Y by Amir Hossein, Adventure10, Mango247, ehuseyinyigit

Let $H$ be the orthocenter of $\triangle{ABC}$ . I shall show that $O_{1}HO_{2}O$ is a parallelogram, which will immediately imply the desired result. We proceed with a complex number bash. Assume WLOG that the circumcircle of $\triangle{ABC}$ is the unit circle and denote the complex coordinates of $A, B, C$ by $a, b, c$ respectively.

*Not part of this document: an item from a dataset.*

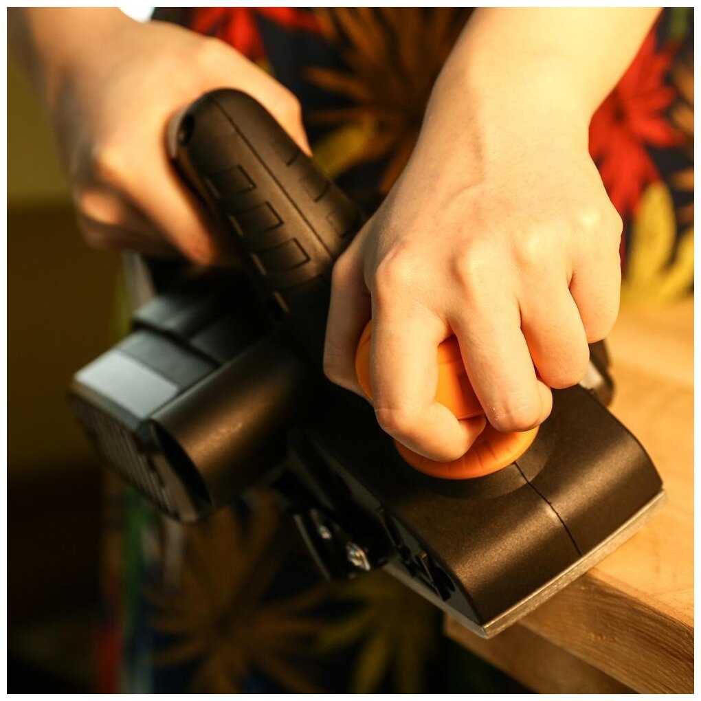 - Мотор не теряет мощность на сучках — при глубине строгания 1,5 мм инструмент проходит их без полной остановки.

Denote the complex coordinate of $O_2$ by $x$ . Then since $O_{2}B \perp AB$ we have that $\frac{x - b}{\overline{x} - \overline{b}} = -\frac{b - a}{\overline{b} - \overline{a}} = ab$ so $x$ satisfies the equation $x = ab\overline{x} + b - a$ .

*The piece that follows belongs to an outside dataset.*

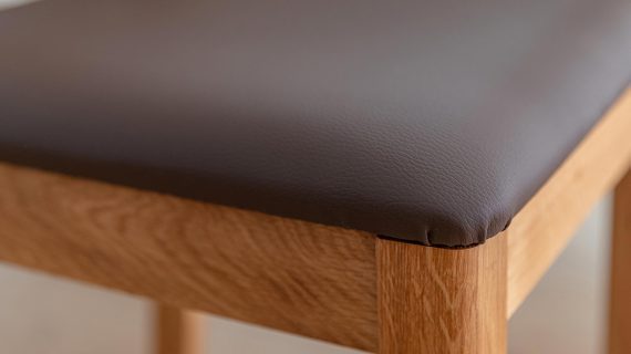 Siedzisko pokryte ekoskórą jest przyjemnie miękkie, łatwe w czyszczeniu i odporne na codzienne plamy. Wystarczy wilgotna, dobrze wykręcona ściereczka, by utrzymać je w doskonałej kondycji. Wnętrze siedziska wypełnia sprężysta pianka tapicerska, która zapewnia wygodę podczas długich, rodzinnych posiłków i wieczornych rozmów przy stole.

Now, denote the complex coordinates of $E$ by $e$ . Since $E$ is on the $C$ -median of $\triangle{ABC}$ we have that $\frac{e - c}{\overline{e} - \overline{c}} = \frac{a + b - 2c}{\overline{a} + \overline{b} - 2\overline{c}} = \frac{(a + b - 2c)abc}{bc + ac - 2ab}$ so $e$ satisfies the equation $e = \frac{(a + b - 2c)abc}{bc + ac - 2ab}\overline{e} + \frac{(a + b)(c^2 - ab)}{bc + ac - 2ab}$

But $e$ lies on the unit circle so $\overline{e} = \frac{1}{e}$ and so, after plugging in, we find that $e$ satisfies: $e^2 - \frac{(a + b)(c^2 - ab)}{bc + ac - 2ab}e - \frac{(a + b - 2c)abc}{bc + ac - 2ab} = 0$ . Since $c$ also is a root of this quadratic, by Vieta's formulas we find that $e = \frac{(2c - a - b)ab}{bc + ac - 2ab}$ .

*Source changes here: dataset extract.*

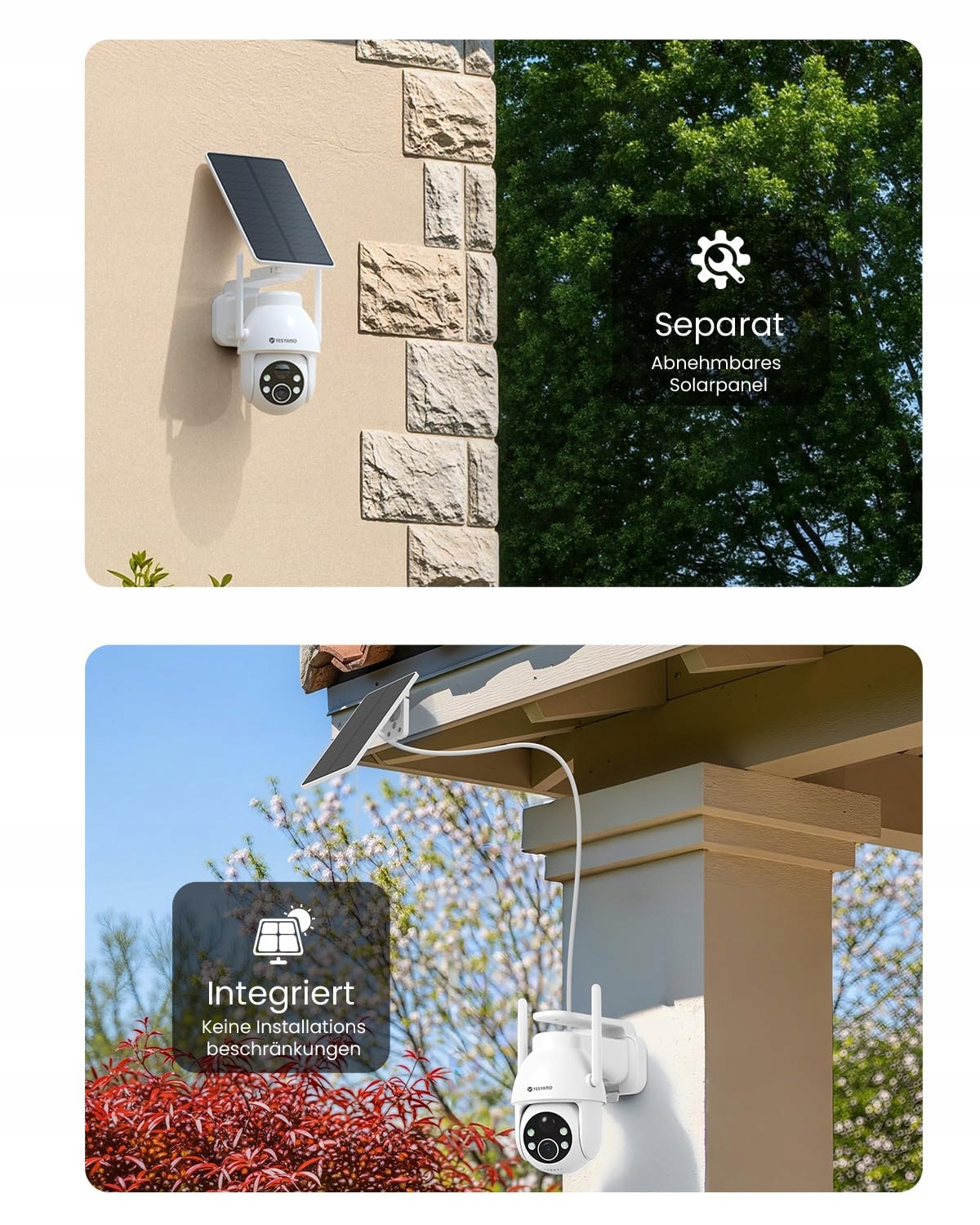 【2,4 GHz WLAN i energia słoneczna】Profesjonalna kamera solarna do monitoringu z kompatybilnością 2,4 GHz WLAN (bez 5G) + wydajnym akumulatorem 9000mAh. 355° poziomy + 90° pionowy zakres obrotu przez aplikację dla nieprzerwanego monitoringu 360°. Panel solarny dostarcza całoroczną autonomiczną energię - idealne do trudno dostępnych miejsc.

Now let $M$ denote the midpoint of segment $BE$ and let $m$ be its complex coordinate. Then we easily find that $m = \frac{b + e}{2} = \frac{b(3ac + bc - 3ab - a^2)}{2(bc + ac - 2ab)}$ . Since $O_{2}M \perp BE$ we have that $\frac{x - m}{\overline{x} - \overline{m}} = -\frac{b - e}{\overline{b} - \overline{e}}$ . But since $E \in \omega$ we have that $\overline{e} = \frac{1}{e}$ so $\frac{x - m}{\overline{x} - \overline{m}} = be = \frac{(2c - a - b)ab^2}{bc + ac - 2ab}$ .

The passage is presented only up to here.